■ Exercise directions:
Below are some records. Retype exactly the lines from the one containing "19th century riveted" through the one containing "The night before", both included, skipping every picture.

━━━━━ Data under study

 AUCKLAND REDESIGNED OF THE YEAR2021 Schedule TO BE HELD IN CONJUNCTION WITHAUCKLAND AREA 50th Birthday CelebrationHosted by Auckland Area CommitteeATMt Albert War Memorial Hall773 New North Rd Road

━━━━━━━━━━
━━━━━ Data under study

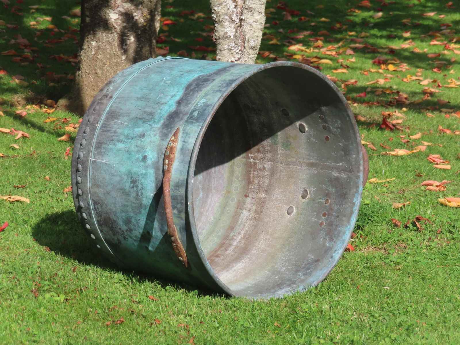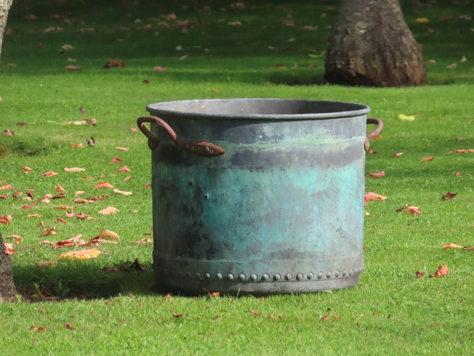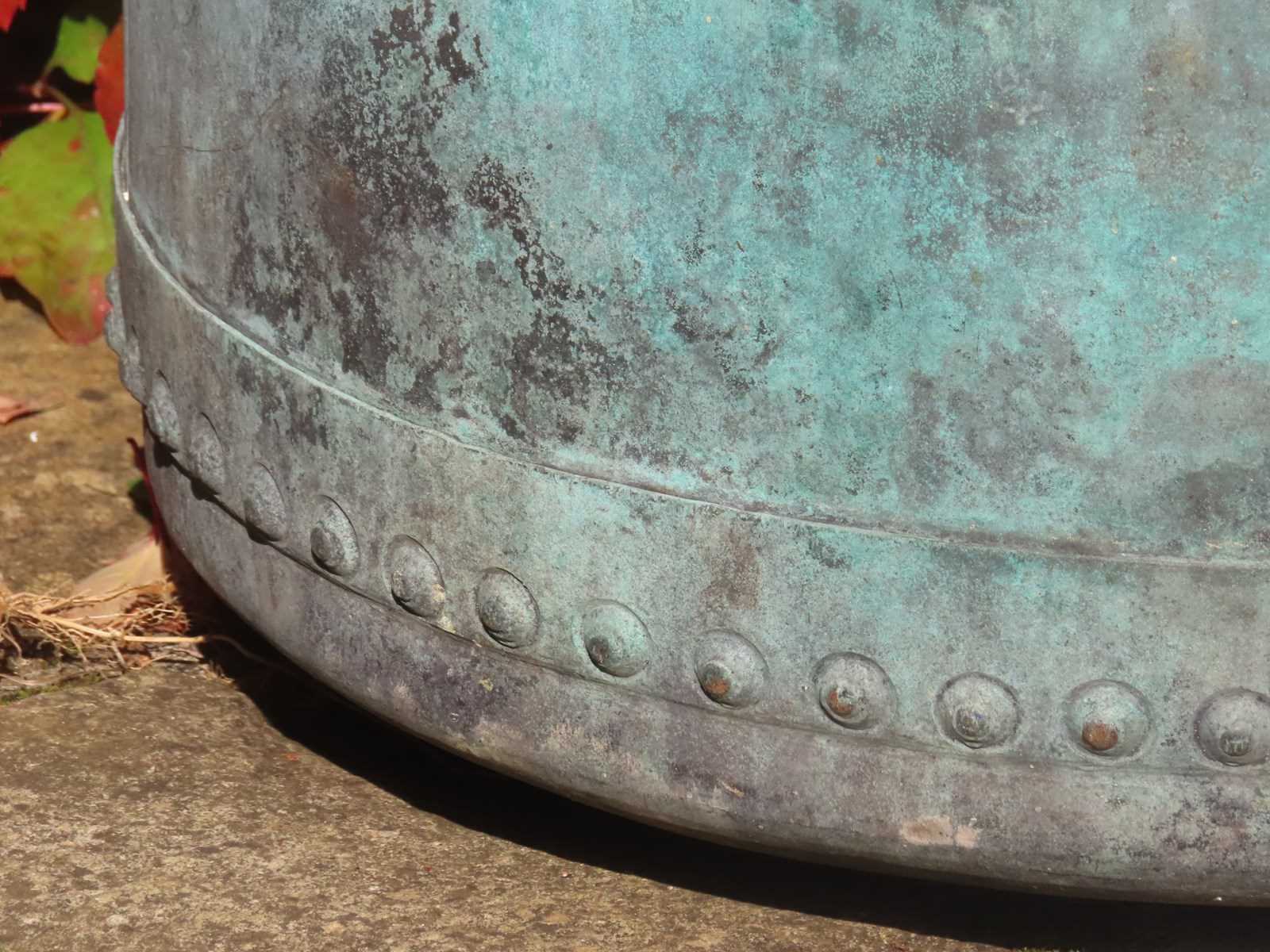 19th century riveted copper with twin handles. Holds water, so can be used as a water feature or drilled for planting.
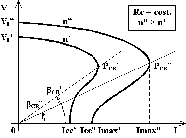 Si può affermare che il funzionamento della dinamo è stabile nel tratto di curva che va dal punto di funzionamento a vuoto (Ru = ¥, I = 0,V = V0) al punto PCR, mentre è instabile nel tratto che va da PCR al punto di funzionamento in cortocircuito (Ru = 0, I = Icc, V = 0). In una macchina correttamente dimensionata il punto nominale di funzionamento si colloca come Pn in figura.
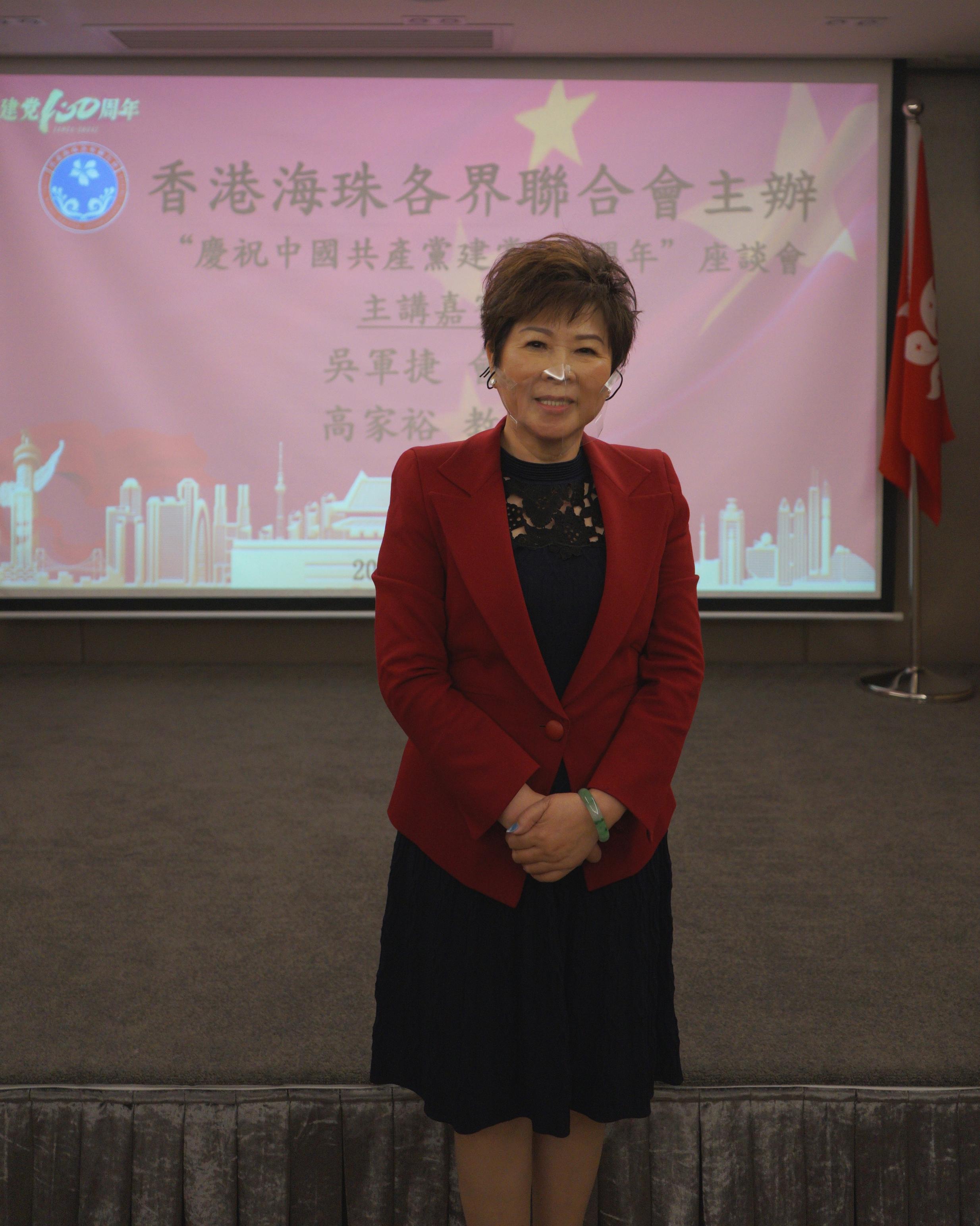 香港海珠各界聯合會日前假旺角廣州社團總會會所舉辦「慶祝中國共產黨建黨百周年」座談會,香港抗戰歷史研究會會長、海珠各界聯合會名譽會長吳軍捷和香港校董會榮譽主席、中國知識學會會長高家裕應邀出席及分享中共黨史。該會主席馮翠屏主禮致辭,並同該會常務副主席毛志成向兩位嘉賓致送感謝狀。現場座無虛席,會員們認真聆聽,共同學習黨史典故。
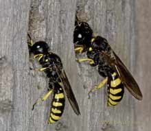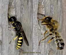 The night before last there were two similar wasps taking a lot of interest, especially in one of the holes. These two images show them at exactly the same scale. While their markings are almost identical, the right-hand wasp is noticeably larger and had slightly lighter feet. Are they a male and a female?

━━━━━━━━━━

■ Result of this exercise:
 19th century riveted copper with twin handles. Holds water, so can be used as a water feature or drilled for planting.
 Si può affermare che il funzionamento della dinamo è stabile nel tratto di curva che va dal punto di funzionamento a vuoto (Ru = ¥, I = 0,V = V0) al punto PCR, mentre è instabile nel tratto che va da PCR al punto di funzionamento in cortocircuito (Ru = 0, I = Icc, V = 0). In una macchina correttamente dimensionata il punto nominale di funzionamento si colloca come Pn in figura.
 香港海珠各界聯合會日前假旺角廣州社團總會會所舉辦「慶祝中國共產黨建黨百周年」座談會,香港抗戰歷史研究會會長、海珠各界聯合會名譽會長吳軍捷和香港校董會榮譽主席、中國知識學會會長高家裕應邀出席及分享中共黨史。該會主席馮翠屏主禮致辭,並同該會常務副主席毛志成向兩位嘉賓致送感謝狀。現場座無虛席,會員們認真聆聽,共同學習黨史典故。
 The night before last there were two similar wasps taking a lot of interest, especially in one of the holes. These two images show them at exactly the same scale. While their markings are almost identical, the right-hand wasp is noticeably larger and had slightly lighter feet. Are they a male and a female?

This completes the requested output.